File photo dated 30/01/17 of Prime Minister Theresa May. Days after the opening of formal Brexit talks, Mrs May is set to make a bid to break the logjam over the status of expat citizens following UK withdrawal from the EU. PRESS ASSOCIATION Photo. Issue date: Thursday June 22, 2017. The Prime Minister will use a European Council summit in Brussels on Thursday to brief counterparts on her plans to offer certainty to the three million EU nationals living in the UK, an issue that she has identified as her first priority for early agreement in the talks under Article 50 of the EU treaties.

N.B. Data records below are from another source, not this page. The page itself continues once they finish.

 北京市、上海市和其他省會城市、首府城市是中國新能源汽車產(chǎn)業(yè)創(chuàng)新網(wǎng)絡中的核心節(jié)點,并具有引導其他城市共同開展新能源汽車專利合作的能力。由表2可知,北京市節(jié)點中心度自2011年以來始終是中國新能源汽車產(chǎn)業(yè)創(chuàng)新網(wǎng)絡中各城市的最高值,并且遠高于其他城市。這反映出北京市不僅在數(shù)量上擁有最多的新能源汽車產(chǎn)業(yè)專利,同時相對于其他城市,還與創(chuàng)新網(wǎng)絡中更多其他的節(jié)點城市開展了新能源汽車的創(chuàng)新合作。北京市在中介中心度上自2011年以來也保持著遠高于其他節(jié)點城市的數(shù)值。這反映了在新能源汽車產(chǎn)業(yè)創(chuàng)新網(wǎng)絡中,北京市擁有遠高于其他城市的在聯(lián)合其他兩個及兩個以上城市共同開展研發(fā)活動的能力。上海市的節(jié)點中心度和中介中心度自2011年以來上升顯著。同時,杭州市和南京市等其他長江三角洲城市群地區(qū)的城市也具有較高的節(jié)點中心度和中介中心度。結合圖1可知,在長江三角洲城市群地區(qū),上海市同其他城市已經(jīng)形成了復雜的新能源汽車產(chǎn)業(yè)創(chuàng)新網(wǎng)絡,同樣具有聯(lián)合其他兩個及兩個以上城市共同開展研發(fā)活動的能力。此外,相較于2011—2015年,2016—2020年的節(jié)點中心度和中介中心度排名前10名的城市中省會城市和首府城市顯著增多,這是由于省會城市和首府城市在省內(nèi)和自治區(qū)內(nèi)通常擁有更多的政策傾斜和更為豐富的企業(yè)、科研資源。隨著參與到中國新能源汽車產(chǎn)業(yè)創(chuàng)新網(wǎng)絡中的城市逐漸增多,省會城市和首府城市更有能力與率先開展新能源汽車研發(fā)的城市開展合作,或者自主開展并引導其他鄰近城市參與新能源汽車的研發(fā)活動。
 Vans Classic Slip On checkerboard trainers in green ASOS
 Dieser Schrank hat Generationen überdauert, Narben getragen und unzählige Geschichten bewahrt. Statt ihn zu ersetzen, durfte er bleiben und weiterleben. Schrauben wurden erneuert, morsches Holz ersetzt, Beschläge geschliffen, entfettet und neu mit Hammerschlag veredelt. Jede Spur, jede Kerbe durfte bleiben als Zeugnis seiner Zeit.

See PA story POLITICS EU. Photo credit should read: Niall Carson/PA Wire

Theresa May is expected to arrive back in Downing Street on Thursday as ministers spend the week fleshing out details of their hopes for Britain's future with the EU after Brexit.

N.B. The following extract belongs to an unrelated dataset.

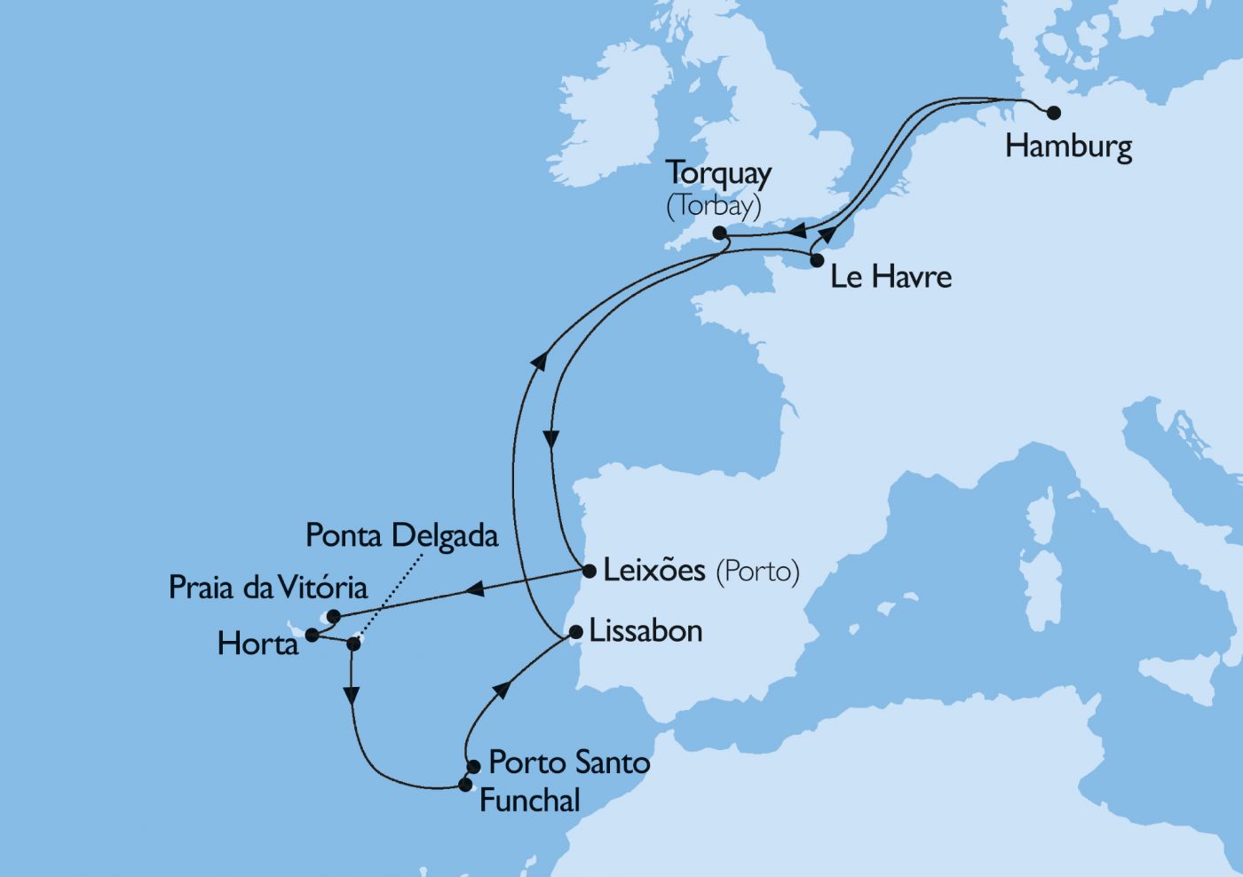 | 28.10. | Horta, Faial, Azoren (Portugal) | 06:00 | 19:00 |

The UK Government will spell out its aims for new customs arrangements after the UK has quit the bloc in documents released by Brexit Secretary David Davis.

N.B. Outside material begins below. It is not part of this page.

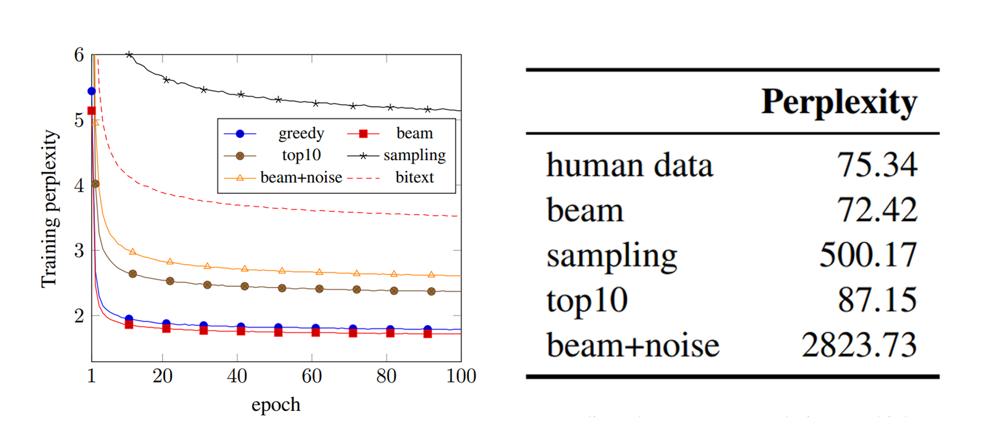 따라서 이렇게 난잡하고 깔끔하지 않은 데이터들을 통해 학습한 모델은 test셋의 데이터가 깔끔하지않아도 학습과정에서 이렇게 '심화된' 문제들을 풀어냈으므로 실제 데이터를 더 정확하게 예측하고있다고 볼 수 있다. 반대로 beam이나 greedy로 생성된 문장은 PPL이 낮고 매우 깔끔한 '쉬운' 문제들이므로 예측력이 떨어진다는 것이다.

A position paper on the fraught issue of the border between Northern Ireland and the Republic is also due to be published later this week.

It comes as Mrs May is expected to be back at her desk on Thursday after holidays in Europe totalling around three weeks.

The Prime Minister enjoyed a break in Italy lasting nearly a week at the end of July and is now away with husband Philip in Switzerland.

The Government has faced complaints from Brussels over a lack of clarity on the British negotiating position on Brexit.

Downing Street said it was clear the talks had shown that the divorce could only be settled with in light of the future relationship with the EU.

The Prime Minister's official spokesman said: "We had the first rounds of the negotiation and those talks have shown that many of the withdrawal questions can only be settled in light of the future partnership, so now is the time to set out our approach to that partnership to inform the upcoming negotiations and to provide citizens and businesses at home and across Europe with a deeper understanding of our thinking."

EU chief negotiator Michel Barnier is reported to have warned his first two rounds of talks with Mr Davis, covering the opening issues of the Irish border, the rights of EU citizens in the UK, and Britain's "divorce bill", had made limited progress.

Meanwhile, The Times said the slow progress so far had led to complaints in Whitehall that senior officials were now trying to rush through decisions in an attempt to break the policy logjam.

There were said to be concerns that Cabinet Secretary Sir Jeremy Heywood and the Permanent Secretary at the Department for Exiting the EU were railroading issues through at a time when many ministers were away, leading to poor decision-making.

But following a summer marked by speculation over a possible leadership challenge and jostling for position among senior ministers over Brexit, there was some respite for the Prime Minister with an apparent truce between two of the leading protagonists.

Chancellor Philip Hammond, who favours a "soft", pro-business Brexit, and theBrexiteer International Development Secretary Liam Fox signed up to a joint statement at the weekend agreeing that there would have to be a transition period after Britain has left the EU.

They agreed that while the measure was necessary to ensure there was no "cliff-edge" break for businesses, it would be time-limited and that Britain would leave the EU single market and the customs union when it left the bloc.

Senior Conservative MP Bernard Jenkin welcomed unity in the Cabinet and questioned why the EU would not treat the UK the same as other countries who have no free trade deal with the bloc but have agreements over aviation services, customs facilitation and product recognition.

Mr Jenkin, chairman of the Public Administration and Constitutional Affairs Committee, told BBC Radio 4's Today programme: "Why wouldn't they afford us the same kind of reasonable arrangements unless they want to punish us?

"And if they want to punish us, should we be intimidated by their determination to punish us?

"Are they such a dysfunctional and destructive organisation that they would punish themselves as well as us by imposing such a ridiculous scenario - and of course they won't."